I'm sure that's going swimmingly.

------
tluyben2
Hate it. I use the old. The new one is very slow here and pops up errors that
it cannot load posts and then it they appear anyway etc. It's dynamic loading
taken way too far. Just give me static pages preloaded please and, if you
must, update things dynamically, but that's not really a must anyway.

------
AdamGibbins
No, its buggy and the moderation tools are in-superior especially when you
factor in the incomplete RES support.

------
Spooky23
It’s amazingly bad. It’s bad for text, media, commenting, following users,
etc.

Other than sort of looking like GMail, I cannot imagine what drove the folks
behind it. It’s almost Reddit and Tumblr are in a race to product the worst
2000s era social website ever.

------
Bayart
No, it's unreadable and I despise it.
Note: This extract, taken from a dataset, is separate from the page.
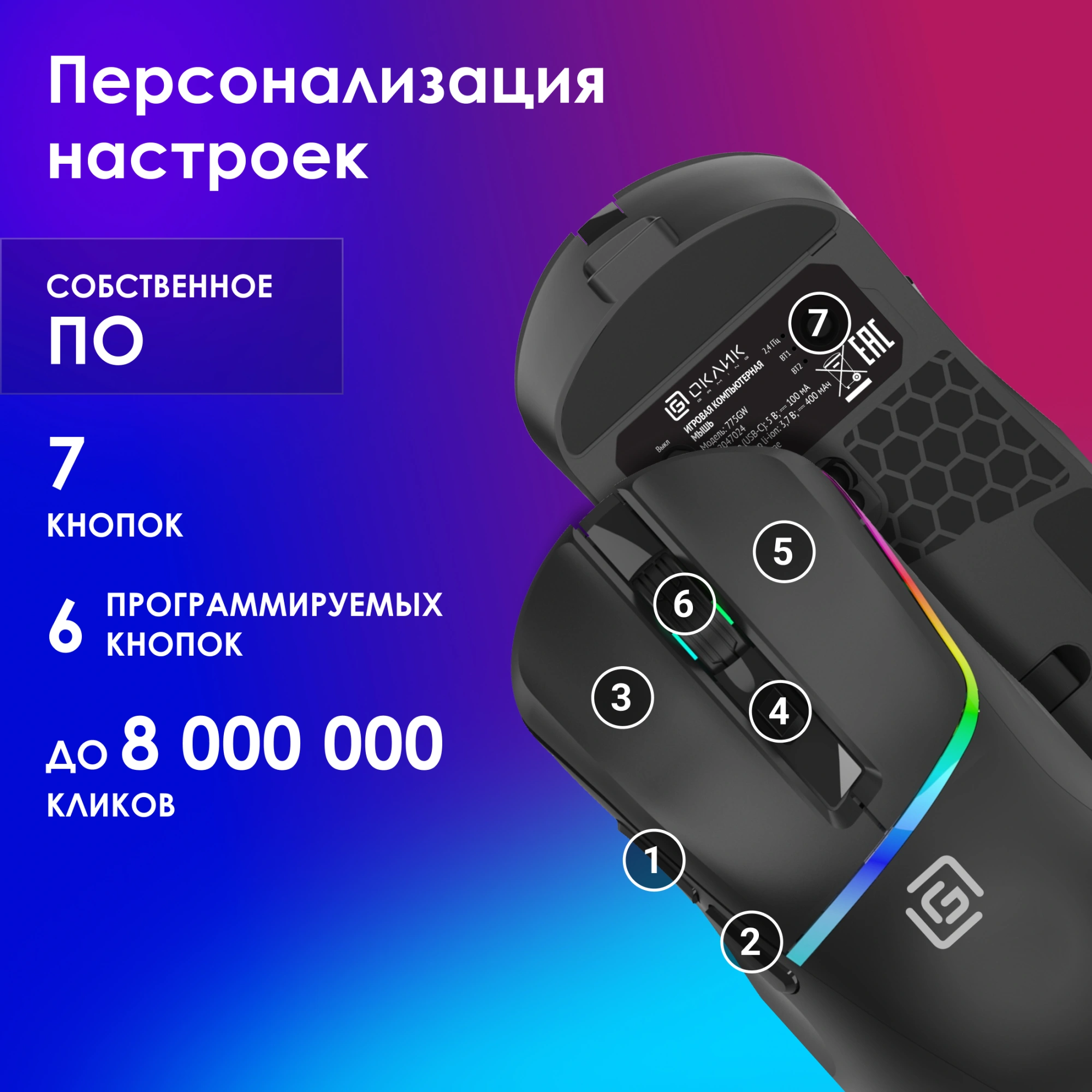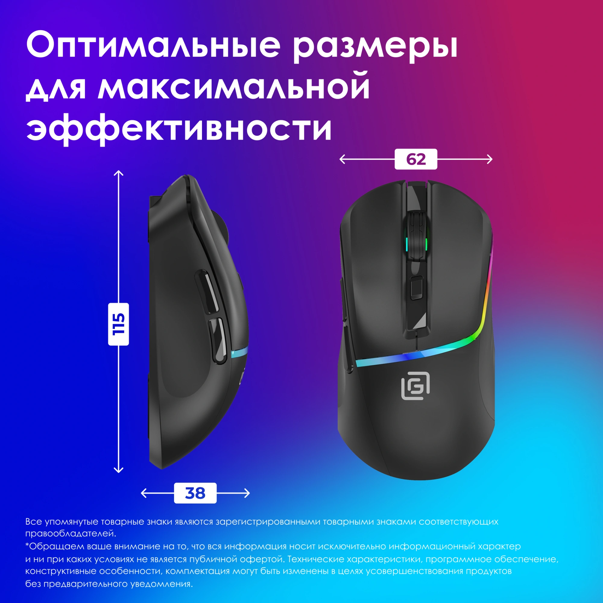 Беспроводная игровая мышь, с возможностью подключения по Bluetooth, радиоканалу (USB-донгл) и кабелем. Отключаемая RGB-подсветка и тефлоновые накладки
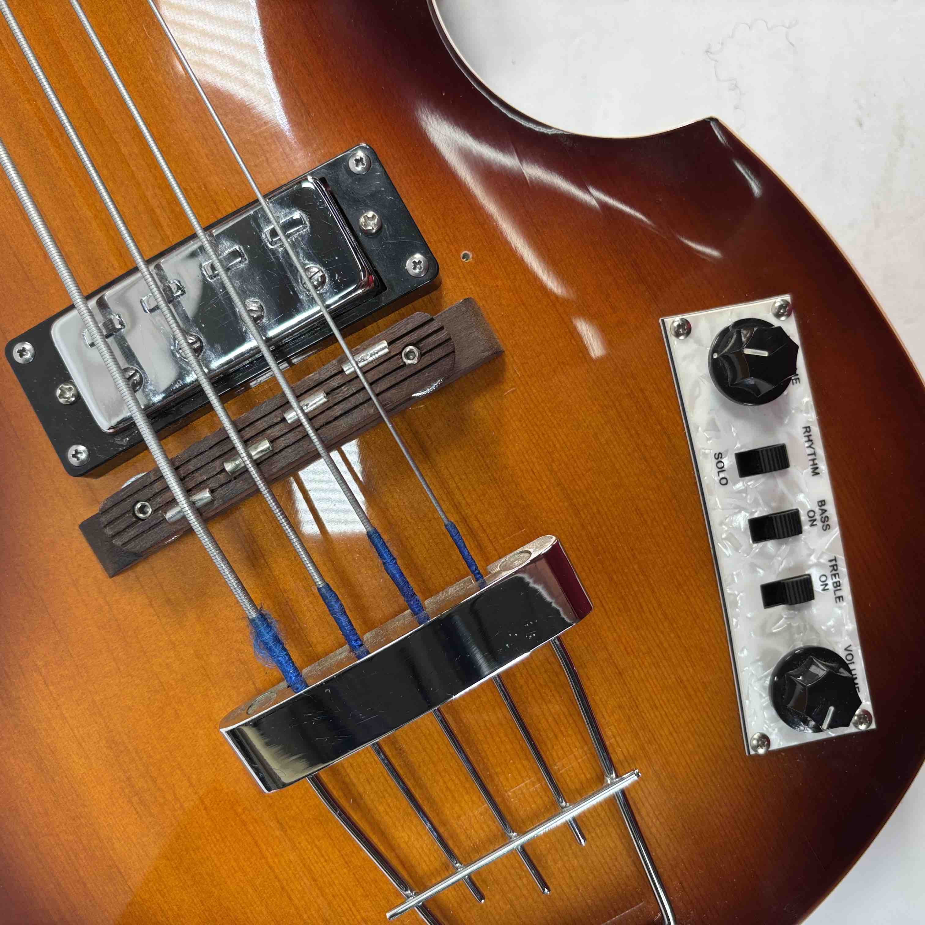 Experience the classic sound and legendary craftsmanship of the Höfner HI-BB electric bass guitar, renowned for its vintage aesthetics, sunburst wooden body, and superior playability. This model boasts authentic German manufacturing with a signature headstock, four tuning keys, and premium hardware, making it a sought-after piece for collectors and musicians alike. Perfect for those aiming to add a distinguished vibe to both stage performances and studio sessions.

And trying to force me to use it makes
it worse.

------
throwaway66666
"Mike from Triplebyte here" is the new "Here in my garage with my new
lamborghini".

(referring to the way-too-common reddit ads with the goofy looking guy, and to
Tai Lopez's cringey "here in my garage" self-help-success videos)

------
AKhoo
I used to absolutely hate it, to the extent where I would actually take the
time and effort to switch to old.reddit.com whenever I got served the new
redesign.

BUT after a few months of having the new design being pushed in my face, and
forced to engage with it, I've kind of mellowed out. Infinite scroll is
annoying, otherwise I find the look and feel is reasonably pleasant, and a
little more "2019".

It does feel like a pretty unnecessary redesign though. Does anyone know if
Reddit has published any stats showing what the redesign accomplished? I'd be
curious to know.

------
mostlysimilar
I prefer the old design, but the new one has a number of improvements and I
think I could get used to it if it wasn't so unbearably laggy. I'm on a beefy
MacBook pro and it's so slow it's frustrating, especially on Firefox.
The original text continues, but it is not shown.